The votes that determine the 2016 class of the Baseball Hall of Fame get tallied up in January, an it’s a lock that Mariners legend Ken Griffey Jr.—now in his first year of eligibility—is headed to Cooperstown. But because of an archaic unwritten rule, he won’t be voted in unanimously. Repeat: Some “baseball experts” will cast a ballot this year that says Ken Griffey Jr. is not worthy of the Hall of Fame. And they’ll do this because on the original 1936 ballot players like Babe Ruth and Ty Cobb weren’t unanimously voted in, so a certain block of voters believe no player should ever get 100 percent of the vote.

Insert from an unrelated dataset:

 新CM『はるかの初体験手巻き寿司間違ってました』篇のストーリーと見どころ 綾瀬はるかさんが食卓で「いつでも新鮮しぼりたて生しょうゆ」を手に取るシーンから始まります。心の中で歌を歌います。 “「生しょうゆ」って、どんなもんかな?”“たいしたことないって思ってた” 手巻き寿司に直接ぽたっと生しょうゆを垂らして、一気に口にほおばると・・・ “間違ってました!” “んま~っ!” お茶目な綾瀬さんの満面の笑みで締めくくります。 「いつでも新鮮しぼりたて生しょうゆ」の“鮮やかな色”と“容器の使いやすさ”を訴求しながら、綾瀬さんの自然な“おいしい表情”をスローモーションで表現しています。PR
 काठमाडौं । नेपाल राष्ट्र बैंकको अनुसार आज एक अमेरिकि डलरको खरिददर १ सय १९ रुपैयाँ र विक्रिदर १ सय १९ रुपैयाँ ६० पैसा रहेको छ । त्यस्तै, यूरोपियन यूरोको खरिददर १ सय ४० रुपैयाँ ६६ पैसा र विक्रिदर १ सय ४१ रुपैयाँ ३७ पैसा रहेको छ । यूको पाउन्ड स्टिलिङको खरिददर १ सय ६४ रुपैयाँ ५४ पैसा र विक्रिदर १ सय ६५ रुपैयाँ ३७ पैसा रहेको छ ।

Out of all recent big leaguers, Griffey deserves unanimous approval. No player in the modern era combined power hitting with defensive wizardry like Junior. The Kid dominated baseball for a decade, and his offensive peak from 1996 to 1999 was almost mythical, averaging 52 homers and 142 RBI per year and unreal wins over replacement, or WAR—analytics nerds’ go-to stat for combining offensive and defensive value—of 9.7 and 9.1 in ’96 and ’97. (Only six players have posted a higher WAR since then.) One could even use the voters’ own logic against them: If they are not going to vote for great players because of steroids (Barry Bonds) or even completely baseless suspicion of steroids (Jeff ­Bagwell), shouldn’t they send a real message by lauding the one slugger of the era who everyone thinks did it clean?

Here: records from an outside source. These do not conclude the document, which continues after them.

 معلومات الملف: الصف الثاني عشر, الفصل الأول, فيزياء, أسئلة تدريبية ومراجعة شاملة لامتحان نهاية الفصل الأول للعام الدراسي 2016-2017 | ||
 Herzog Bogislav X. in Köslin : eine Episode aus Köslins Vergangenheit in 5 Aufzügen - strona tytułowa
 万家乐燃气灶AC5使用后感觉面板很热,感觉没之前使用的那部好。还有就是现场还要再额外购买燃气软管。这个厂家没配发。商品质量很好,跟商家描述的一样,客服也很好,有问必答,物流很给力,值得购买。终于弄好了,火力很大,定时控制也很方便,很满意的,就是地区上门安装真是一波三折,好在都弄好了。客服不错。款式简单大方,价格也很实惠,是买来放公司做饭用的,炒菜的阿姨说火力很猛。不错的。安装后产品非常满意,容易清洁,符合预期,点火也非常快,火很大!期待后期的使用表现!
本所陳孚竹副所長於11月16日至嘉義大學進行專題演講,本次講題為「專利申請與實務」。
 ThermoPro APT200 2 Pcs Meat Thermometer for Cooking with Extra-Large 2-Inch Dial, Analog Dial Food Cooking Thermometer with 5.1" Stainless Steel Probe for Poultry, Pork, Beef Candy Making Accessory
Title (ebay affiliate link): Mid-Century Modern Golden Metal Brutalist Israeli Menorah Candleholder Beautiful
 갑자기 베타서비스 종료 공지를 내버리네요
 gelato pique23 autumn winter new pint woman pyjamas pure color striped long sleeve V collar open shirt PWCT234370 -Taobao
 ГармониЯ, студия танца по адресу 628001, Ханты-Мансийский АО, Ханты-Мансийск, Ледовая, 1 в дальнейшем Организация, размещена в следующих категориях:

But you know what’s even more crucial? Ken Griffey Jr. was cool. He was the backwards hat-wearing, video-game-endorsing, poster-adorning, home-run-hitting superstar who radiated charisma. He single-handedly made the former laughingstock Mariners nationally relevant. Children connected with him because he seemed like a fun-loving backyard baseball kid who happened to be playing for the major leagues. And cynical ​America’s pastime​ purists couldn’t help but have their hearts melted by the sheer, effortless beauty of his swing (the prettiest of all time). Even stoic badass Ichiro Suzuki geeked out like a 10-year-old fanboy when Griffey rejoined the Mariners at the end of his career. And we totally understood.

Harden not your hearts, voters. Vote for Ken Griffey Jr.—all of you. Because baseball is supposed to be fun.